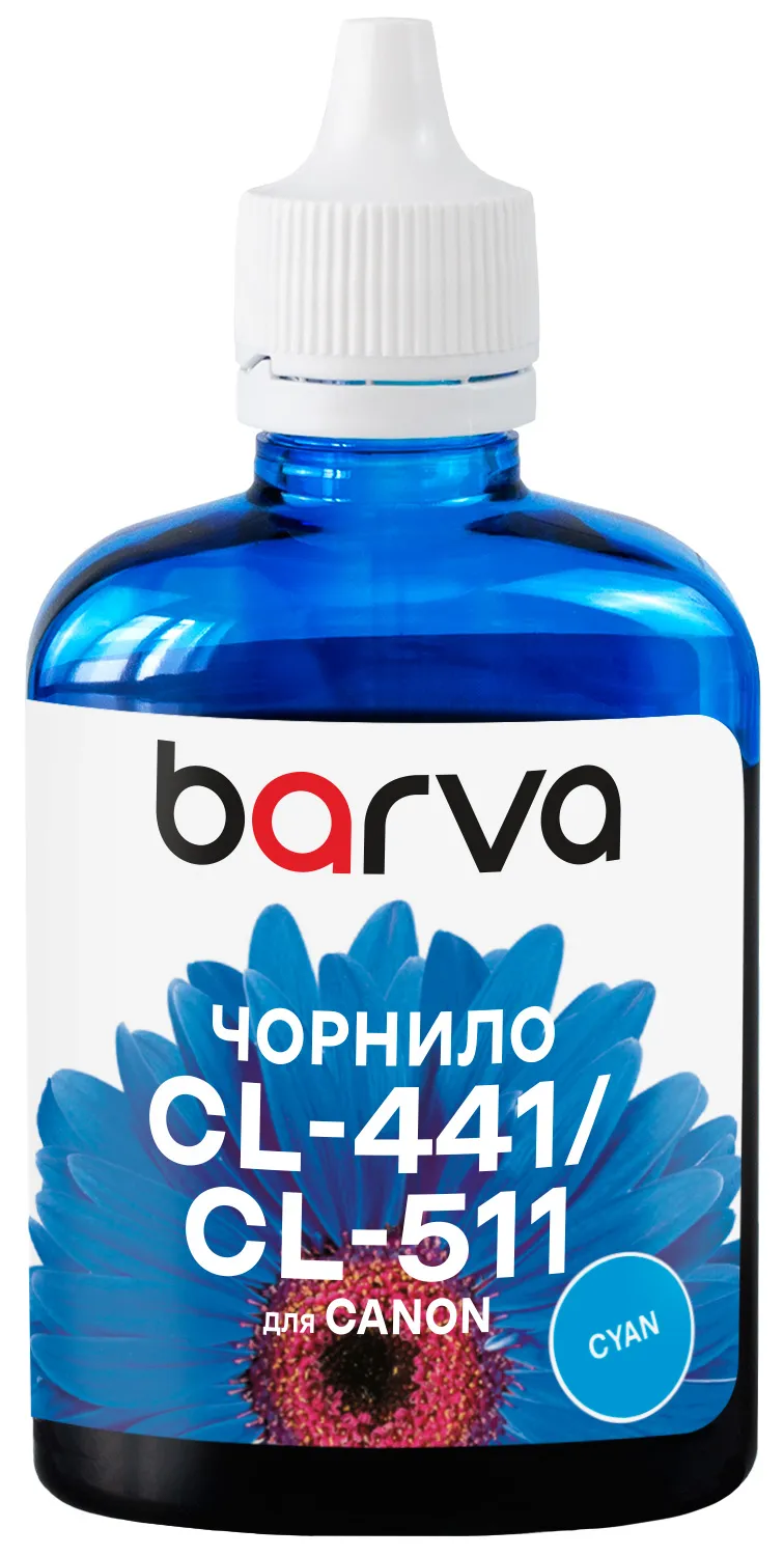 Більшість з нас чули, що на відміну від лазерної техніки, яка формує зображення за допомогою тонера, струменева техніка використовує для друку спеціальні чорнила (краска для принтерів). Чорнило сумісне для Canon CL-441/CLI-521/CL-511 спеціальне 90 г, водорозчинне, блакитне Barva (C521-286) використовується переважно для заправки ПЗК та СБПЧ. Заправка картриджу також можлива, для цього необхідно зняти носик та вилучити чорнила шприцом.
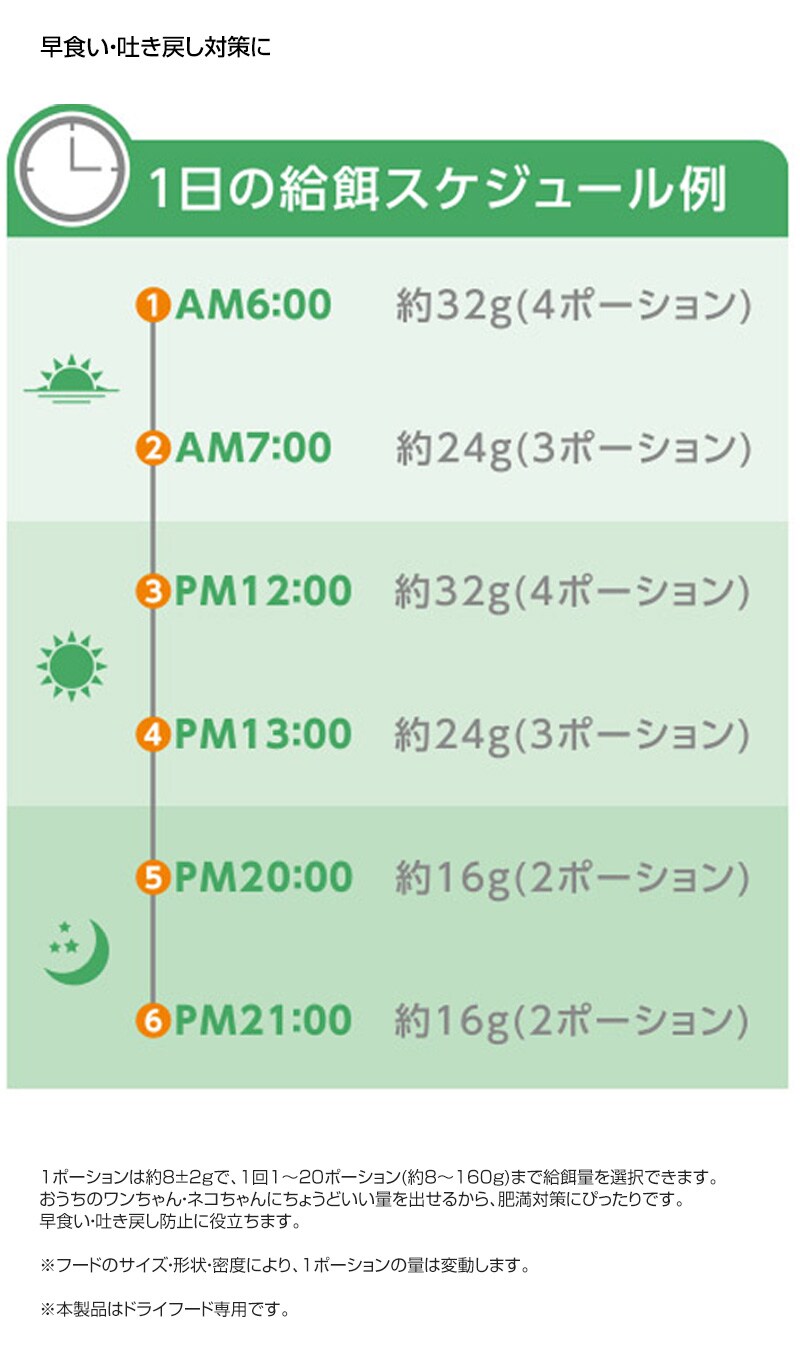 給餌量/フードタイプ 20パターン/ドライフード専用 ※3
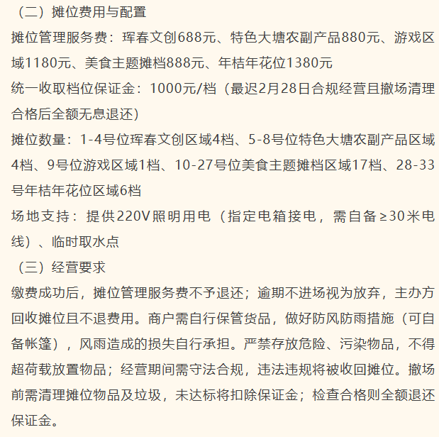 花市严格划分珲春文创、特色大塘农副产品、游戏区域、美食主题摊档、年桔年花位五大经营品类,规划33个专属摊位,匹配不同品类的经营需求,满足商户货品陈列与经营空间需求。
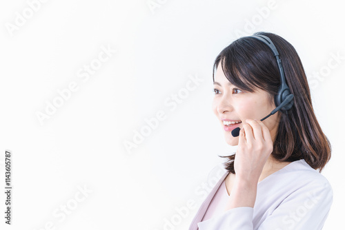 コールセンターで電話対応をする若い女性
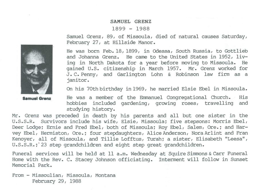 GRENZ FAMILY TREE |
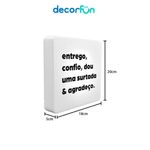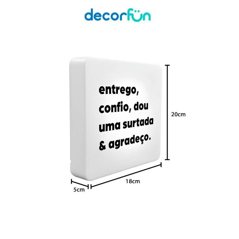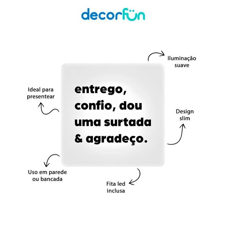 Luminária Slim Box Entrego E Agradeço Luz Indireta Presente UsbA Luminária Slim Box é a escolha perfeita para adicionar um toque de diversão e personalidade ao seu ambiente. Com sua luz indireta suave, ela transforma qualquer espaço, seja na mesa ou na parede, em um lugar mais aconchegante e moderno. Além de ser uma peça de decoração, ela é um presente ideal para quem gosta de iluminar a vida com humor e estilo!- Design criativo – Um quadrinho iluminado que traz charme e diversão.- Iluminação indireta – Luz suave, ideal para ambientes descontraídos.- Versátil – Pode ser colocada na parede ou sobre bancadas, conforme seu gosto.- USB prático – Conecte e use facilmente em qualquer tomada.- Presente único – Ideal para quem ama iluminar com personalidade.Deixe a Luminária Slim Box adicionar luz e diversão ao seu espaço ou presenteie alguém com esse toque de criatividade!Especificações do produto:Uso: Fixada na parede ou sobre bancadas.Tamanho (cm): 23 x 23 x 9 ( Altura x Largura x Profundidade)Lâmpadas: Compactas fluorescentes até 10W ou LED compatível com abertura inferior da luminária (LÂMPADAS NÃO INCLUSAS) (E-27)Material: PolietilenoTensão: 110V/220VAlimentação: Cabo de força com interruptor medindo 1,8m de comprimentoCuidados:- Limpar com pano úmido e macio.- Teme químicos e abrasivos.- Não utilizar lâmpadas incandescentes de qualquer tipoA Luminária Slim Box é a escolha perfeita para adicionar um toque de diversão e personalidade ao seu ambiente. Com sua luz indireta suave, ela transforma qualquer espaço, seja na mesa ou na parede, em um lugar mais aconchegante e moderno. Além de ser uma peça de decoração, ela é um presente ideal para quem gosta de iluminar a vida com humor e estilo!- Design criativo – Um quadrinho iluminado que traz charme e diversão.- Iluminação indireta – Luz suave, ideal para ambientes descontraídos.- Versátil – Pode ser colocada na parede ou sobre bancadas, conforme seu gosto.- USB prático – Conecte e use facilmente em qualquer tomada.- Presente único – Ideal para quem ama iluminar com personalidade.Deixe a Luminária Slim Box adicionar luz e diversão ao seu espaço ou presenteie alguém com esse toque de criatividade!Especificações do produto:Uso: Fixada na parede ou sobre bancadas.Tamanho (cm): 23 x 23 x 9 ( Altura x Largura x Profundidade)Lâmpadas: Compactas fluorescentes até 10W ou LED compatível com abertura inferior da luminária (LÂMPADAS NÃO INCLUSAS) (E-27)Material: PolietilenoTensão: 110V/220VAlimentação: Cabo de força com interruptor medindo 1,8m de comprimentoCuidados:- Limpar com pano úmido e macio.- Teme químicos e abrasivos.- Não utilizar lâmpadas incandescentes de qualquer tipo
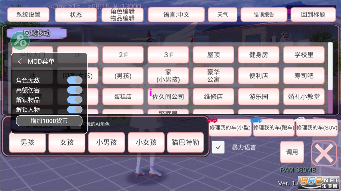 《樱花校园模拟器》(SAKURA School Simulator)是一款二次元风格的模拟手游,游戏已校园为题材,玩家将前往校园的各个场景去冒险,比如宿舍、体育馆、教室等等,可以奔跑、飞行、跪坐,做各种允许的动作,而且还可以解锁汽车去飙车,解锁各种物品去装饰等等。
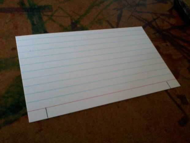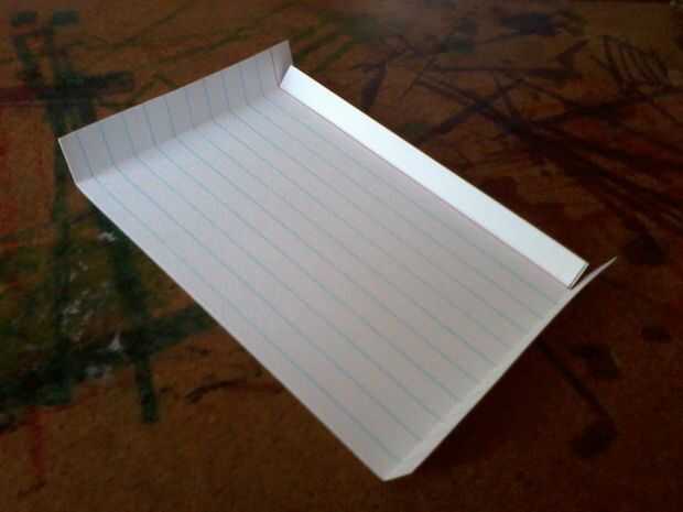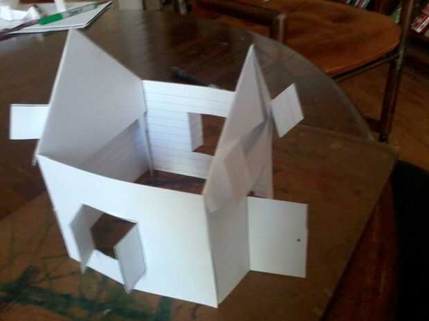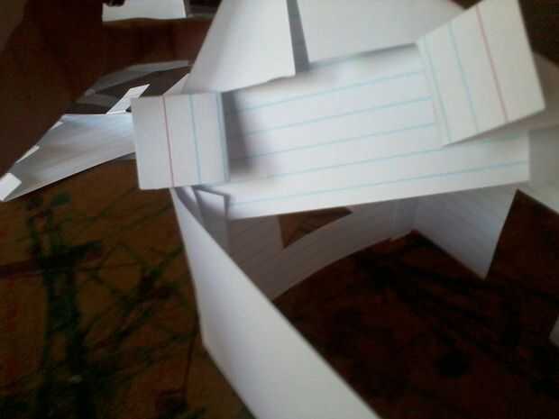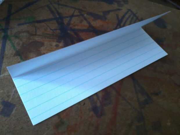 Para crear el techo, dos tarjetas de índice y corte una ranura de 1/4" en la parte inferior aproximadamente 1/2" desde cada extremo corto. Doble en cada extremo más corto en la ranura y, a continuación, dobla la aleta ancha de 1/4" en, todos hacia la parte revestida de la tarjeta.

· · · ·

Apart from the images, retype the full material exactly as written.

 Більшість з нас чули, що на відміну від лазерної техніки, яка формує зображення за допомогою тонера, струменева техніка використовує для друку спеціальні чорнила (краска для принтерів). Чорнило сумісне для Canon CL-441/CLI-521/CL-511 спеціальне 90 г, водорозчинне, блакитне Barva (C521-286) використовується переважно для заправки ПЗК та СБПЧ. Заправка картриджу також можлива, для цього необхідно зняти носик та вилучити чорнила шприцом.
 給餌量/フードタイプ 20パターン/ドライフード専用 ※3
 花市严格划分珲春文创、特色大塘农副产品、游戏区域、美食主题摊档、年桔年花位五大经营品类,规划33个专属摊位,匹配不同品类的经营需求,满足商户货品陈列与经营空间需求。
 コールセンターで電話対応をする若い女性
 GRENZ FAMILY TREE |
 Luminária Slim Box Entrego E Agradeço Luz Indireta Presente UsbA Luminária Slim Box é a escolha perfeita para adicionar um toque de diversão e personalidade ao seu ambiente. Com sua luz indireta suave, ela transforma qualquer espaço, seja na mesa ou na parede, em um lugar mais aconchegante e moderno. Além de ser uma peça de decoração, ela é um presente ideal para quem gosta de iluminar a vida com humor e estilo!- Design criativo – Um quadrinho iluminado que traz charme e diversão.- Iluminação indireta – Luz suave, ideal para ambientes descontraídos.- Versátil – Pode ser colocada na parede ou sobre bancadas, conforme seu gosto.- USB prático – Conecte e use facilmente em qualquer tomada.- Presente único – Ideal para quem ama iluminar com personalidade.Deixe a Luminária Slim Box adicionar luz e diversão ao seu espaço ou presenteie alguém com esse toque de criatividade!Especificações do produto:Uso: Fixada na parede ou sobre bancadas.Tamanho (cm): 23 x 23 x 9 ( Altura x Largura x Profundidade)Lâmpadas: Compactas fluorescentes até 10W ou LED compatível com abertura inferior da luminária (LÂMPADAS NÃO INCLUSAS) (E-27)Material: PolietilenoTensão: 110V/220VAlimentação: Cabo de força com interruptor medindo 1,8m de comprimentoCuidados:- Limpar com pano úmido e macio.- Teme químicos e abrasivos.- Não utilizar lâmpadas incandescentes de qualquer tipoA Luminária Slim Box é a escolha perfeita para adicionar um toque de diversão e personalidade ao seu ambiente. Com sua luz indireta suave, ela transforma qualquer espaço, seja na mesa ou na parede, em um lugar mais aconchegante e moderno. Além de ser uma peça de decoração, ela é um presente ideal para quem gosta de iluminar a vida com humor e estilo!- Design criativo – Um quadrinho iluminado que traz charme e diversão.- Iluminação indireta – Luz suave, ideal para ambientes descontraídos.- Versátil – Pode ser colocada na parede ou sobre bancadas, conforme seu gosto.- USB prático – Conecte e use facilmente em qualquer tomada.- Presente único – Ideal para quem ama iluminar com personalidade.Deixe a Luminária Slim Box adicionar luz e diversão ao seu espaço ou presenteie alguém com esse toque de criatividade!Especificações do produto:Uso: Fixada na parede ou sobre bancadas.Tamanho (cm): 23 x 23 x 9 ( Altura x Largura x Profundidade)Lâmpadas: Compactas fluorescentes até 10W ou LED compatível com abertura inferior da luminária (LÂMPADAS NÃO INCLUSAS) (E-27)Material: PolietilenoTensão: 110V/220VAlimentação: Cabo de força com interruptor medindo 1,8m de comprimentoCuidados:- Limpar com pano úmido e macio.- Teme químicos e abrasivos.- Não utilizar lâmpadas incandescentes de qualquer tipo
 《樱花校园模拟器》(SAKURA School Simulator)是一款二次元风格的模拟手游,游戏已校园为题材,玩家将前往校园的各个场景去冒险,比如宿舍、体育馆、教室等等,可以奔跑、飞行、跪坐,做各种允许的动作,而且还可以解锁汽车去飙车,解锁各种物品去装饰等等。
 Para crear el techo, dos tarjetas de índice y corte una ranura de 1/4" en la parte inferior aproximadamente 1/2" desde cada extremo corto. Doble en cada extremo más corto en la ranura y, a continuación, dobla la aleta ancha de 1/4" en, todos hacia la parte revestida de la tarjeta.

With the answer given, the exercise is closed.